---------- Supplied material ----------
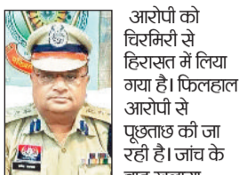
आरोपी को चिरमिरी से हिरासत में लिया गया है। फिलहाल आरोपी से पूछताछ की जा रही है। जांच के बाद खुलासा करने के साथ ही विधि सम्मत कार्रवाई की जाएगी।
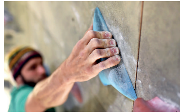
Beim Sportklettern kommt es am häufigsten zu Verletzungen der Finger.

Über die 12-monatige Nachbeobachtungszeit traten insgesamt 267 neue Verletzungen bei 180 Kletterern auf (42,2%), entsprechend einer Inzidenz von 13,04 pro 1000 Kletterstunden.
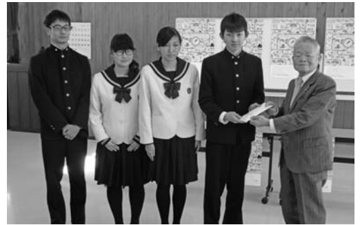
樹徳高校インターアクトクラブの皆さん

市内商業施設を主な活動場 所として、部員69人が募金活 動を行いました。歳末の寒い 時期でしたが、地域の方々か ら「頑張ってるね」と声をかけ てもらいました。募金協力者 のあたたかい言葉にとっても励 まされました。募金は地域福 祉のために役立てていただき たいです。
----------
**Your task:** This task calls for an exact reproduction of the lines that start at the one containing "樹徳高校インターアクトクラブの皆さん" and continue to the end of the entries above.

**Solved problem:**
樹徳高校インターアクトクラブの皆さん

市内商業施設を主な活動場 所として、部員69人が募金活 動を行いました。歳末の寒い 時期でしたが、地域の方々か ら「頑張ってるね」と声をかけ てもらいました。募金協力者 のあたたかい言葉にとっても励 まされました。募金は地域福 祉のために役立てていただき たいです。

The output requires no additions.